◆ **STORED DATA**:

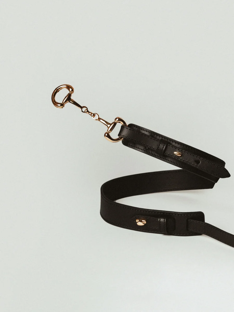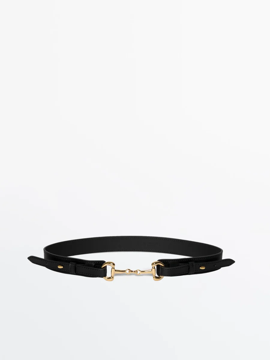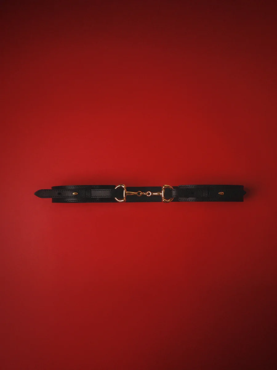 Läderbälte med hästbett spänne i guldfärgad nickelfri metall. Handgjord i Italien.
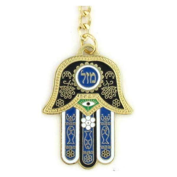 Ce porte-clés représente une Hamsa bleue, contenant divers dessins (poissons, œil, fleurs) et où l'on peut lire l'inscription "MAZAL". Sur l'autre face de celui-ci, il y a la prière de "Tephilat ha derech".
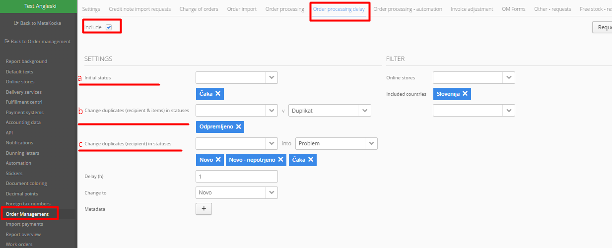 Define the conditions for orders not to wait for the delay and move to the next status (Duplicate, Problem, New status) changed immediately.
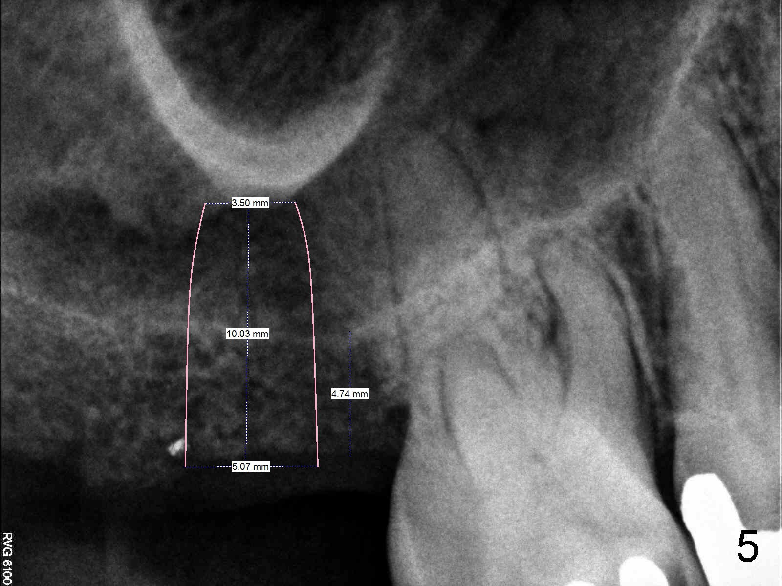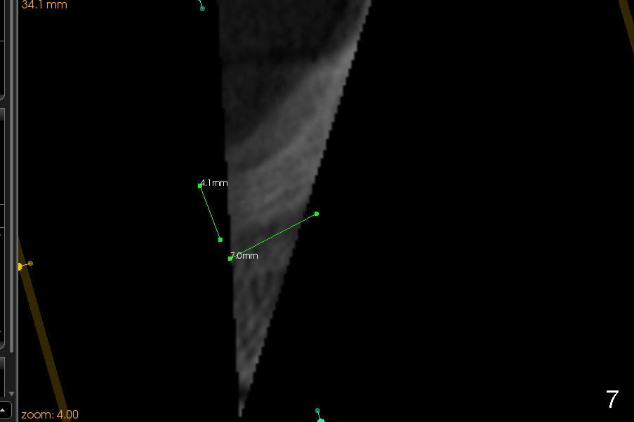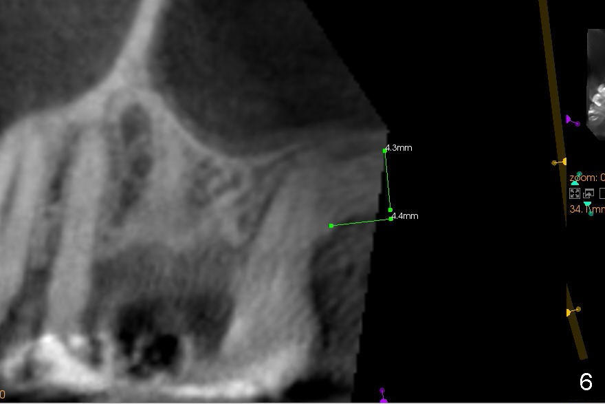CBCT confirms the bone height (4.4 mm) (Fig.6). Bone density is 200-400 Hounsfield units. The best new is sufficient bone width (7 mm) buccolingually.

◆ **ABOUT THIS EXERCISE**: Exactly the lines from the one containing "Define the conditions" through the last line of the data above should be output, both ends included, with every picture left out.

◆ **RESULT OF THIS TASK**:
 Define the conditions for orders not to wait for the delay and move to the next status (Duplicate, Problem, New status) changed immediately.
CBCT confirms the bone height (4.4 mm) (Fig.6). Bone density is 200-400 Hounsfield units. The best new is sufficient bone width (7 mm) buccolingually.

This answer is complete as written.